Galling to blue-hued Catholics is the fierceness with which Chaput has denounced the Obama administration's health-care mandate, requiring virtually all employer insurance plans to cover contraceptives and some sterilization procedures.
The mandate is "the most aggressive attack on religious freedom in our country. . . in recent memory," Chaput thundered in an Inquirer opinion piece in February.
Since then, the archdiocesan website has presented at least 28 documents criticizing the contraceptive mandate on religious-freedom grounds. Parish bulletins have denounced the plan.
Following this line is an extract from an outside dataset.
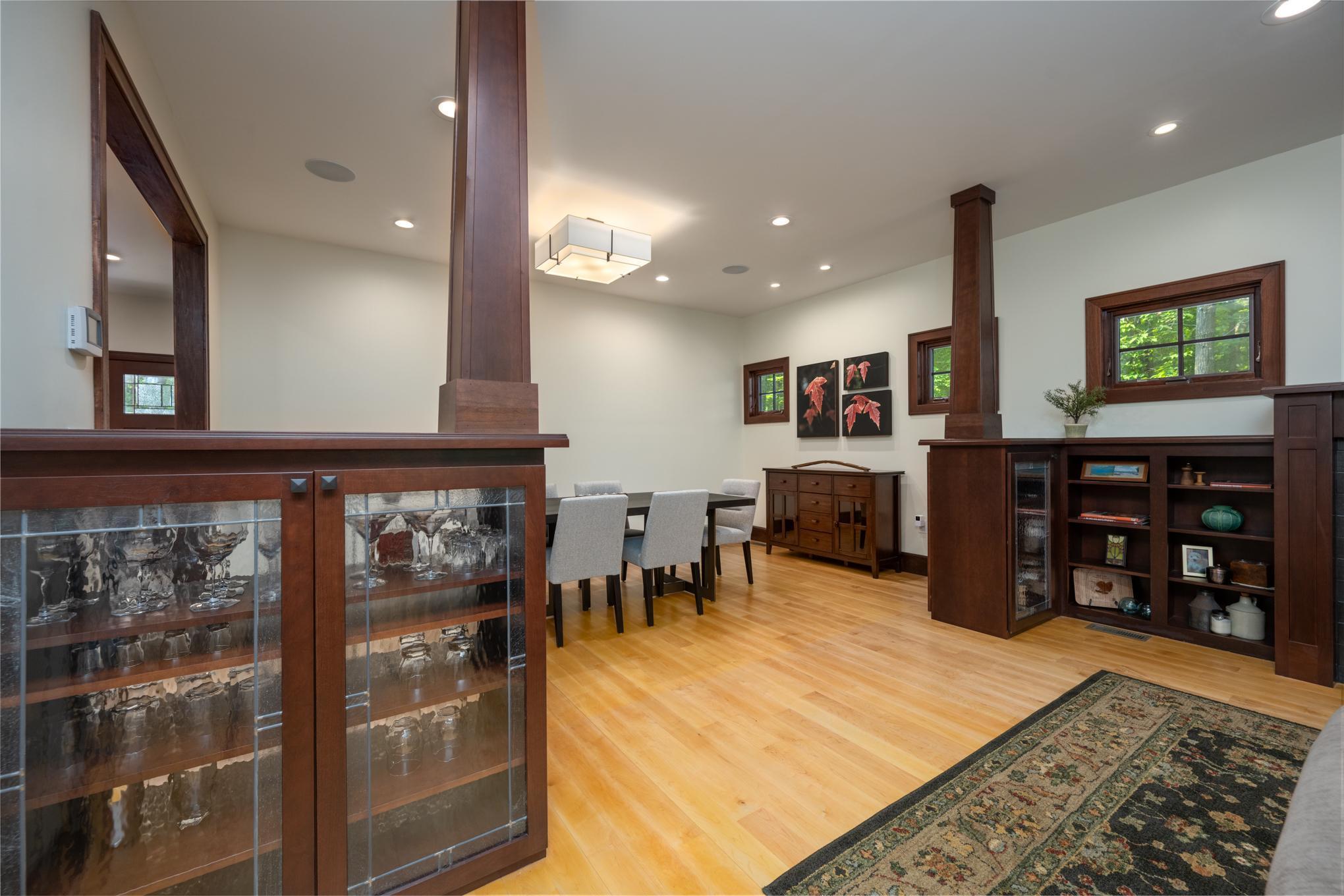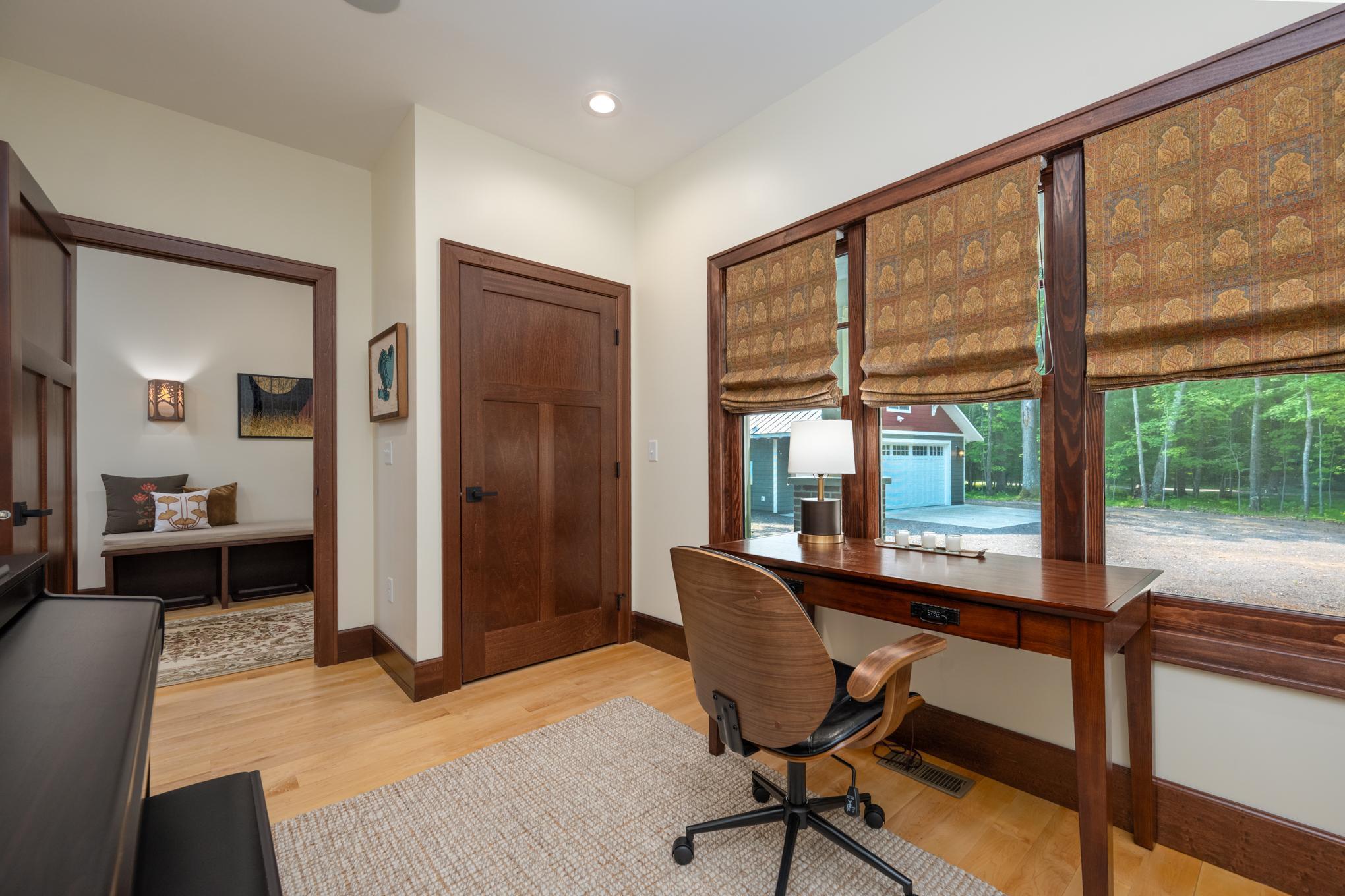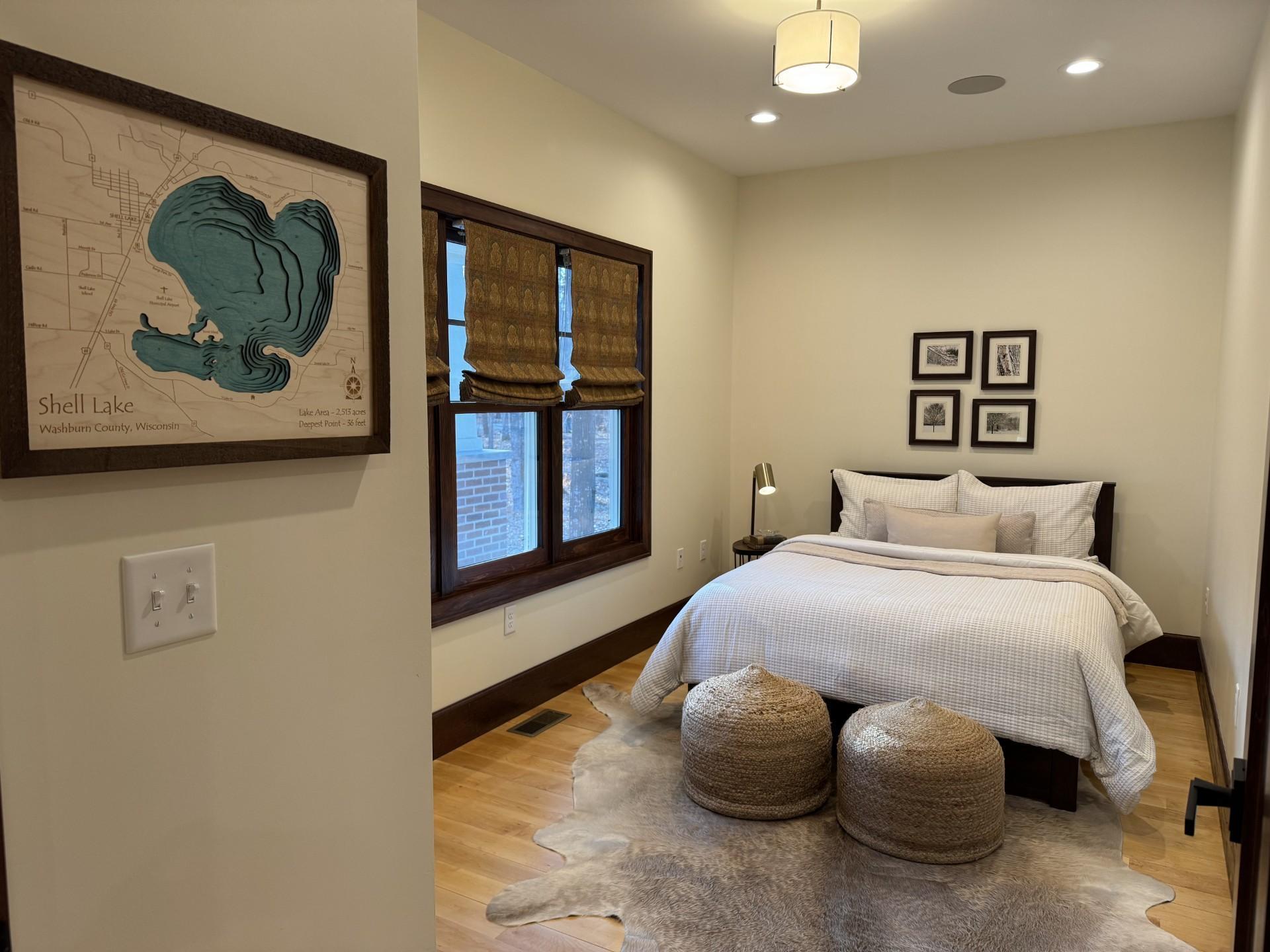 Stunning Craftsman Lake Home on Shell Lake – 150' of Sandy Frontage. Discover the perfect blend of timeless design and modern luxury in this exceptional Craftsman-style home, newly built in 2021 and nestled on 1.7 wooded acres with 150 feet of pristine, sandy shoreline on crystal-clear Shell Lake. This exquisite home welcomes you with its charming covered porch, classic gabled rooflines, and rich architectural detail. Inside, every inch showcases thoughtful craftsmanship and premium materials, including custom-built cabinetry, marble and travertine finishes, and top-of-the-line appliances that elevate the gourmet kitchen. Designed for both comfort and style, the open-concept living spaces are filled with natural light and serene wooded views, making it ideal for everyday living or entertaining lakeside. Step outside and enjoy the large, shady backyard — a peaceful retreat that gently slopes toward the lake, creating a perfect setting for outdoor dining, campfires, and easy lake access. Additional features include: Detached garage with ample storage; Unfinished bunkroom above the garage – perfect potential for a guest suite, studio, or rec space. The quiet, wooded setting offering privacy and a true up-north retreat feel. Set on Shell Lake’s 2,580-acre crystal-clear waters, this property is a gateway to year-round recreation. Enjoy swimming, boating, and fishing in the summer, with access to snowmobile and ATV routes connecting to Wisconsin’s extensive trail system in the winter. All just 100 miles from the Twin Cities metro area, making it an easy weekend escape or a full-time haven.

And Chaput has blasted it in speeches in other cities.
"He's probably the most powerful of all the [American] bishops because he's got more brains than any of them," said Betty Clermont, author of the 2009 book NeoCatholics, on the rise of political conservatism among American Catholics. "He gives them their talking points."
Like Clermont, Steven Krueger, executive director of the Boston-based group Catholic Democrats, accuses Chaput and his brother bishops of using the religious-freedom issue to derail Obama's reelection bid.
"While there's nothing wrong with a Catholic bishop being a Republican or a Democrat," Krueger said, "there's something eerily unsettling when the archbishop's political affiliation and the teaching authority he rightfully claims conflate, so that he becomes more of a partisan political figure than a shepherd."
Told of Krueger's criticism, Chaput became visibly annoyed and leaned forward in his chair. "Can a group that calls itself 'Catholic Democrats' talk about politicizing things?
"That's absolutely ridiculous."
Asked if he had a preferred candidate in the presidential elections, Chaput allowed a small smile and shook his head. "I don't talk about candidates," he said. "I just talk about the issues."
The final stage
Chaput envisions a Catholic Church in Philadelphia that is solvent and scaled-down, one in which money is spent not on maintaining "structures," but on "the mission of the church, which is to preach Jesus Christ and care for the poor."
He marvels at the 27 years that Cardinal John J. Krol had at the helm of the archdiocese, and the 33 years of Cardinal Dennis J. Dougherty.
"You can be very effective," he said, "if you have a time like that."
But the archbishop has done the arithmetic. He turns 68 later this month, putting him seven years away from the church's mandatory retirement age.
By then, "I hope things will be settled some" in the archdiocese, he said. "But I don't think they'll be completely settled.
"So I imagine my whole time here will be a time of settling, but no, never attaining it."